───── Dataset content ─────

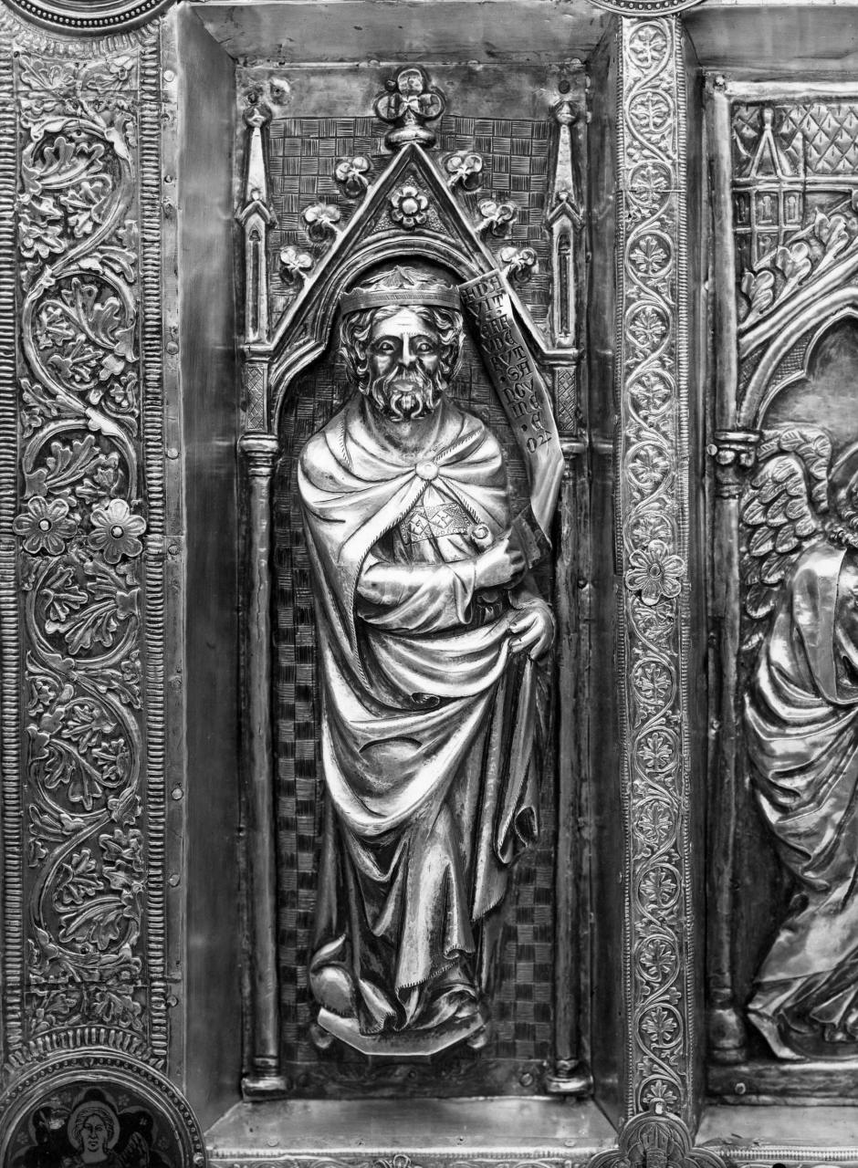 Soggetti sacri. Personaggi: David. Attributi: (David) cartiglio; corona. Architetture: nicchia con guglie
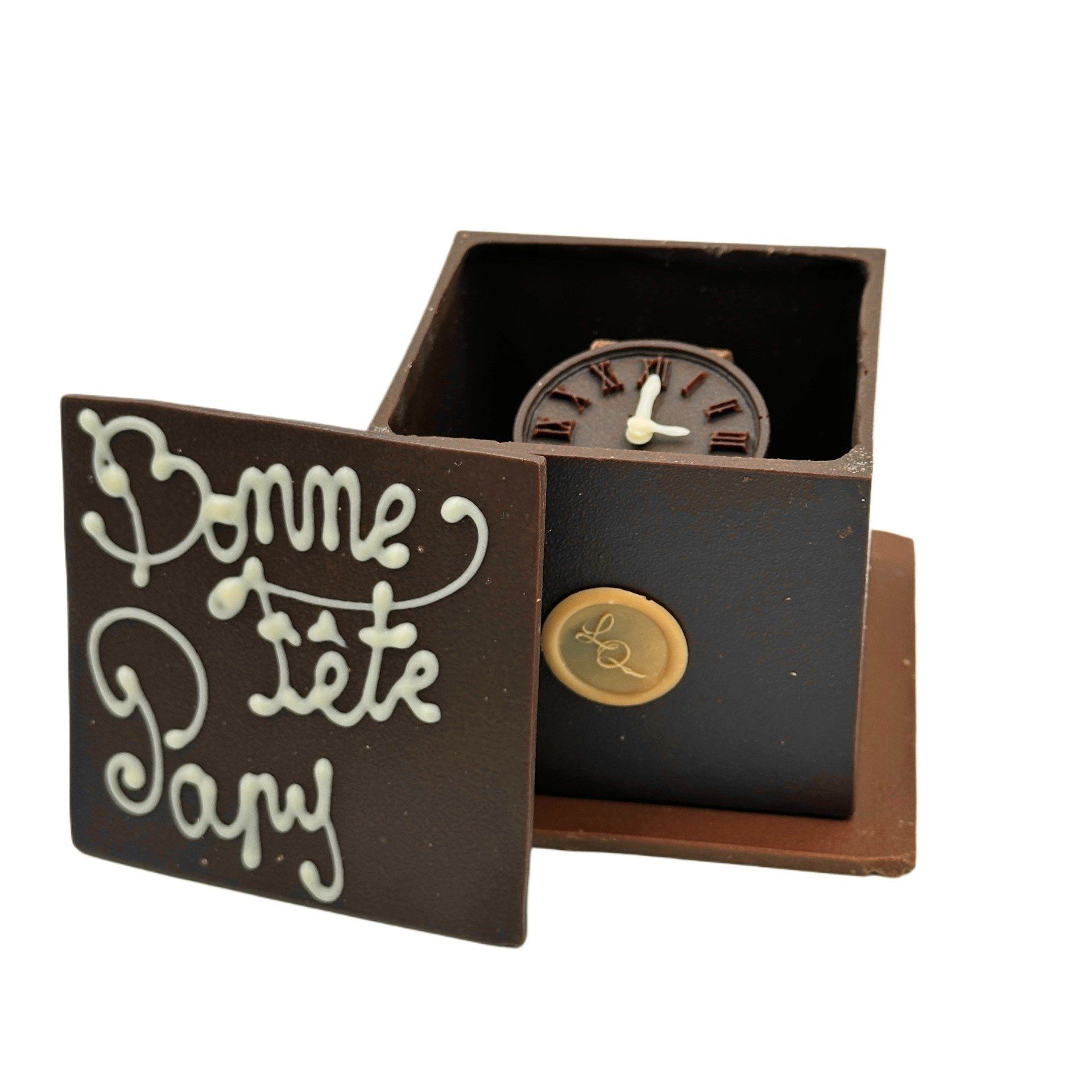 Boîte en chocolat praliné noisette, contenant une jolie montre pour plaire aux papys
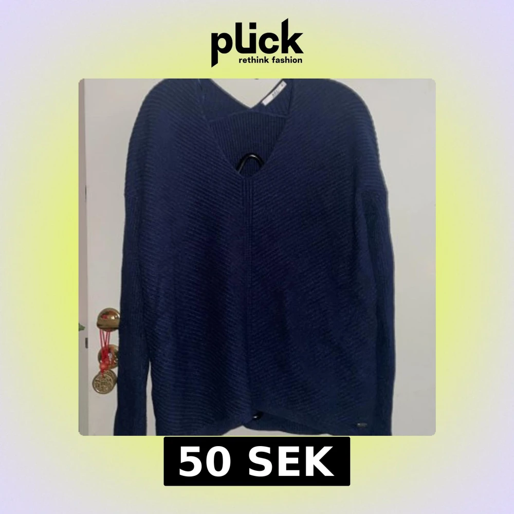Säljer en snygg mörkblå stickad tröja från e.d.c. med v-ringning. Tröjan har en ribbad struktur och långa ärmar, perfekt för kyligare dagar. Passar bra till både jeans och kjol.
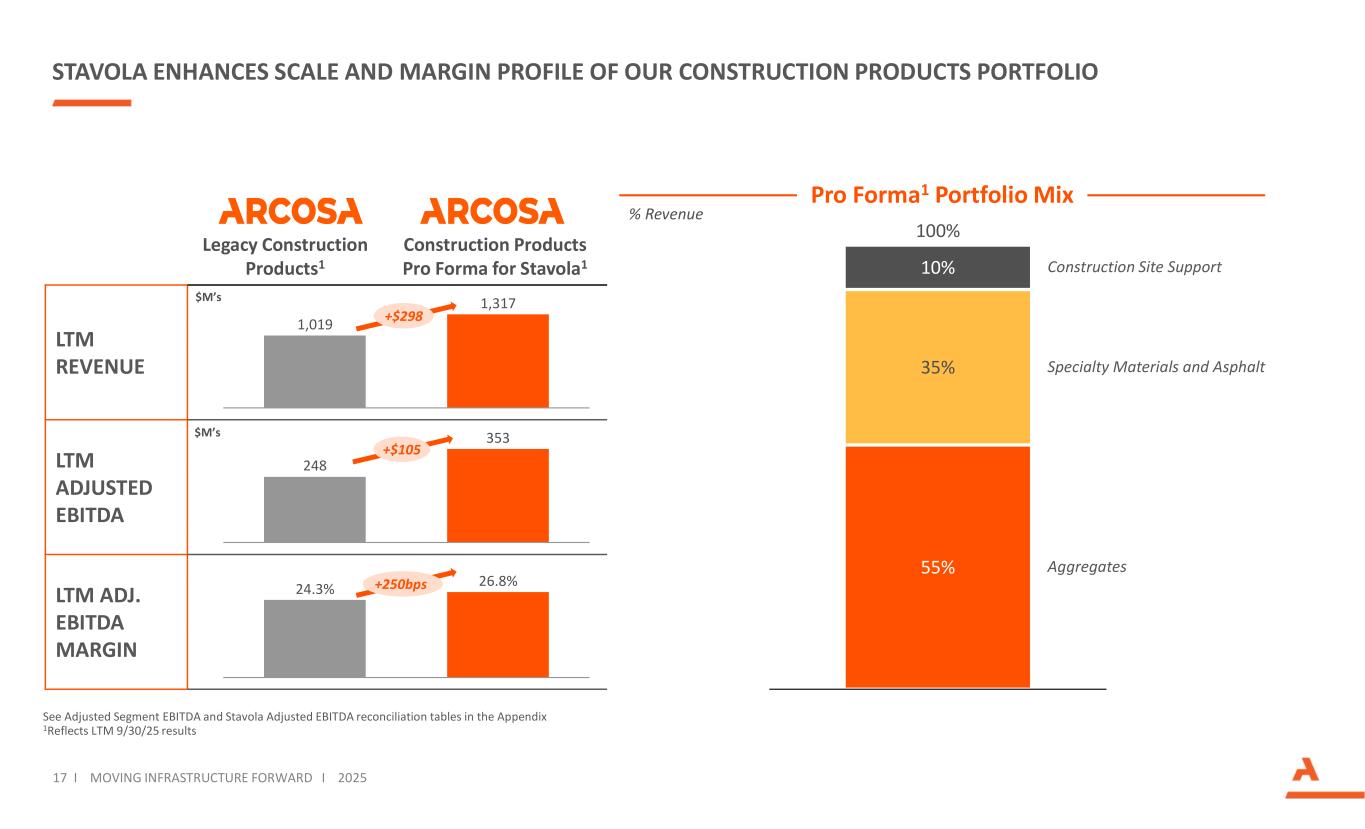STAVOLA EXTENDS ARCOSA’S FOOTPRINT INTO THE NATION’S LARGEST MSA 16 I MOVING INFRASTRUCTURE FORWARD I 2025 Infrastructure 75–85% Residential 10–20% Non-residential 5–15% Aggregates Demand Asphalt Demand Infrastructure 80–90% Residential 5–10% Non-residential 5–10% Stavola’s Core Markets Are Over-Indexed to Infrastructure Demand 29M Tons ~80 – 90% of asphalt demand in Stavola’s core market is from maintenance projects, providing stability and low volatility 9M Tons Source: Third party research, USGS
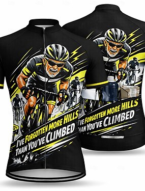 Masculino Camisa para Ciclismo Jersey em declive Geométrica Nunca subestime um velho com uma bicicleta. Manga Curta Moto Camisa com 3 bolsos traseiros Resistente a UV Secagem Rápida Com bolsos Zíper
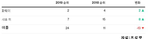도널드 트럼프 미국 대통령의 압박 공세에 직면한 중국 통신장비업체 화웨이 순위가 지난해 4위에서 2위로 올라선 게 대표적이다.
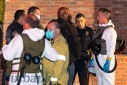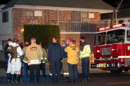 Members of the Burbank Police and Fire Departments, LA County Public Health, and Los Angeles County Sheriff’s Department Hazmat debrief after the conclusion of their operation. (Photo By Edward Tovmassian)
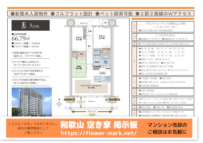 | 2025-03-31 | 14F 66.79 | 3LDK | 3,240 |

─────

* _Instructions to follow_
Return every record exactly, leaving out the pictures.

* _Answer to this problem_
 Soggetti sacri. Personaggi: David. Attributi: (David) cartiglio; corona. Architetture: nicchia con guglie
 Boîte en chocolat praliné noisette, contenant une jolie montre pour plaire aux papys
Säljer en snygg mörkblå stickad tröja från e.d.c. med v-ringning. Tröjan har en ribbad struktur och långa ärmar, perfekt för kyligare dagar. Passar bra till både jeans och kjol.
STAVOLA EXTENDS ARCOSA’S FOOTPRINT INTO THE NATION’S LARGEST MSA 16 I MOVING INFRASTRUCTURE FORWARD I 2025 Infrastructure 75–85% Residential 10–20% Non-residential 5–15% Aggregates Demand Asphalt Demand Infrastructure 80–90% Residential 5–10% Non-residential 5–10% Stavola’s Core Markets Are Over-Indexed to Infrastructure Demand 29M Tons ~80 – 90% of asphalt demand in Stavola’s core market is from maintenance projects, providing stability and low volatility 9M Tons Source: Third party research, USGS
 Masculino Camisa para Ciclismo Jersey em declive Geométrica Nunca subestime um velho com uma bicicleta. Manga Curta Moto Camisa com 3 bolsos traseiros Resistente a UV Secagem Rápida Com bolsos Zíper
도널드 트럼프 미국 대통령의 압박 공세에 직면한 중국 통신장비업체 화웨이 순위가 지난해 4위에서 2위로 올라선 게 대표적이다.
 Members of the Burbank Police and Fire Departments, LA County Public Health, and Los Angeles County Sheriff’s Department Hazmat debrief after the conclusion of their operation. (Photo By Edward Tovmassian)
 | 2025-03-31 | 14F 66.79 | 3LDK | 3,240 |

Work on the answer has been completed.